Haley explains the three key pillars of reimbursement: coding, coverage, and payment. She delves into the complexities of CPT codes and the significant difference between a temporary Category 3 code and the gold-standard Category 1. The discussion also covers the immense challenges medical device companies face, including the lengthy timeline—sometimes years—to secure payer coverage, which can be a make-or-break factor for startups. The conversation wraps up with a look at how artificial intelligence is beginning to streamline the cumbersome, manual process of patient access and appeals.
Key Timestamps
- 1:45 - The initial challenge of making coverage match medical need.
- 3:30 - The three-part reimbursement pathway: coding, coverage, and payment.
- 5:50 - Navigating CPT codes and the difference between Category 1 and Category 3.

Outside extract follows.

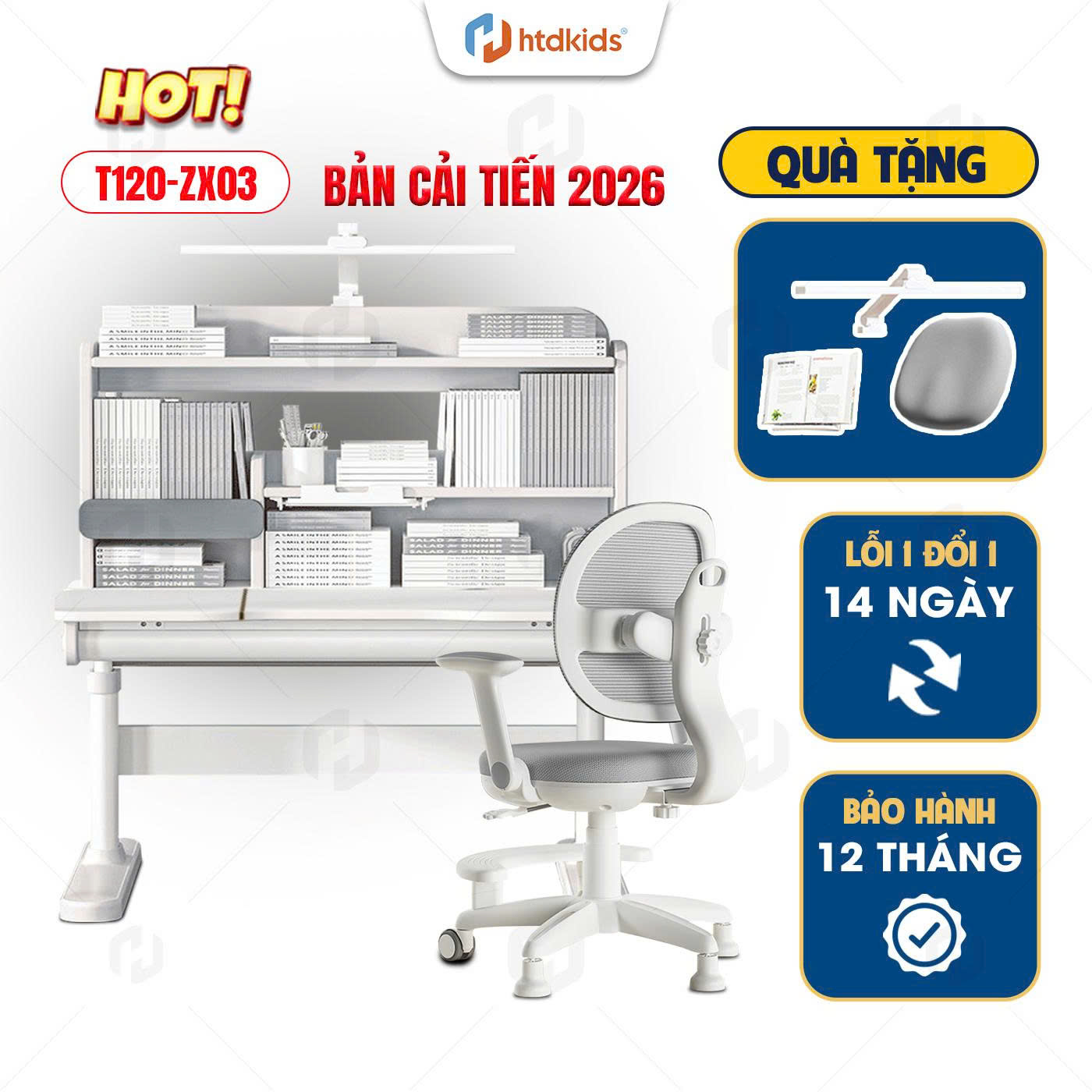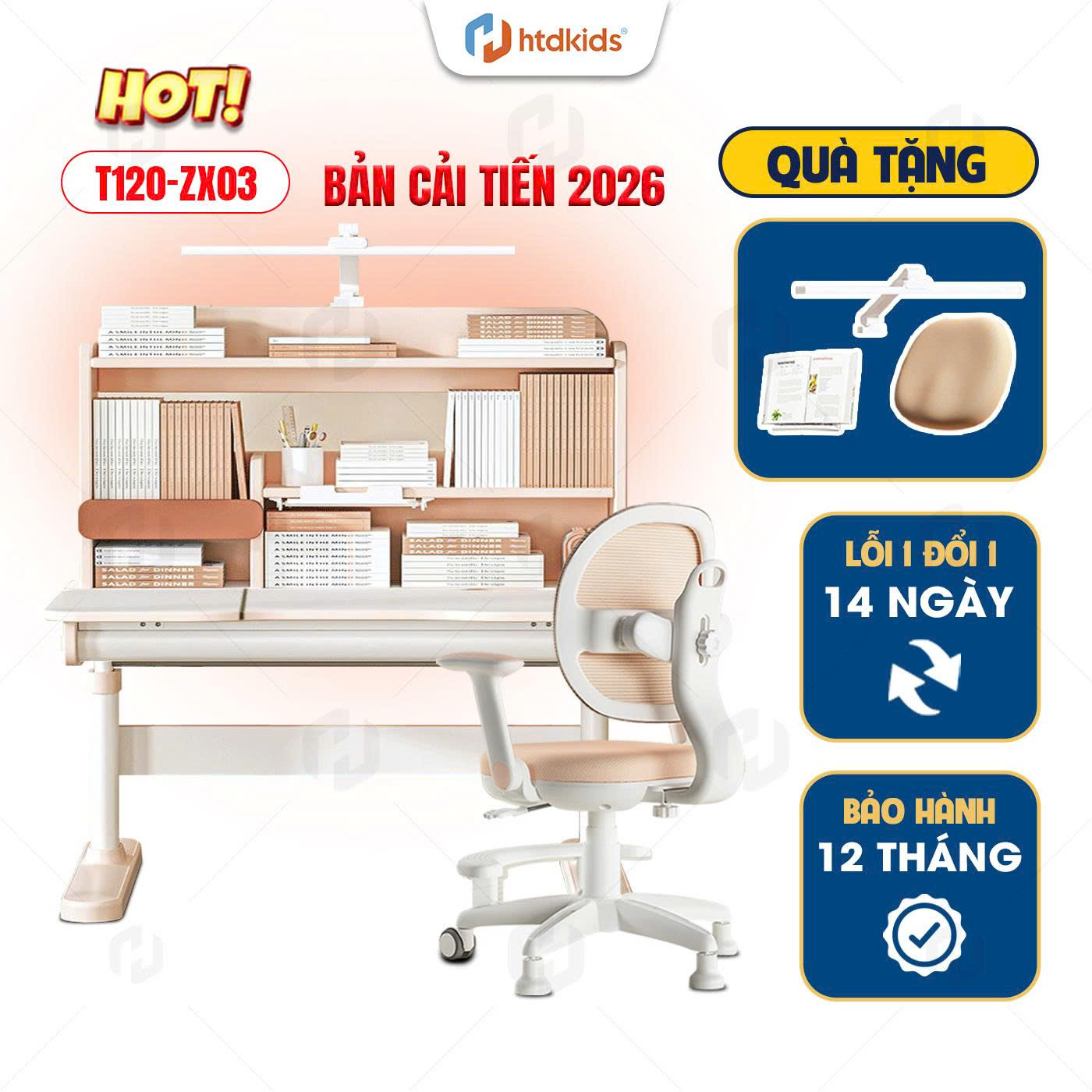 Bộ bàn học cho bé HTDkids T100 + ZX03 | T120+ZX03 là sản phẩm bàn ghế học sinh thông minh được thiết kế theo tiêu chuẩn công thái học (ergonomic), giúp trẻ ngồi đúng tư thế và phát triển toàn diện trong giai đoạn học tập quan trọng.

- 10:15 - Common challenges for medical device companies seeking payer coverage.
- 13:20 - The multi-year timeline to achieve Medicare coverage for innovative devices.
- 15:00 - Advice for regulatory and quality professionals on speeding up reimbursement.
- 20:10 - How AI is currently being used in patient access and reimbursement.
- 24:45 - Debating the accuracy of AI and its role in replacing human expertise.
Quotes
"A lot of times patients are not going to be able to pay out of pocket for expensive medical treatments, and a lot of times providers are not going to be able to write off those treatments on their side. So somebody needs to pay for this. And that's usually the health insurance companies..." — Haley King
"I think that for this sort of a use case [AI], you're always going to want some human in the loop... AI has the potential to be super, super powerful in this space, but I think you're always going to want to have human experts involved." — Haley King
Takeaways
- Integrate reimbursement strategy early: Unlike FDA approval, which focuses on safety and efficacy, payers also demand evidence of a device's clinical and economic value. Medical device companies, particularly startups, should integrate reimbursement planning into their pitch decks and product development timelines from the outset.
- Recognize the two-step process: FDA approval is not a golden ticket to reimbursement. Companies must understand the subsequent and often lengthy process of securing coding, coverage, and payment from payers like CMS and private insurance companies, which can take several years.
- Enhance clinical trials for payers: Regulatory and quality professionals can speed up the reimbursement process by designing clinical trials that not only meet FDA requirements but also generate robust data to prove a device's clinical and economic value. This may involve including additional endpoints to justify the cost.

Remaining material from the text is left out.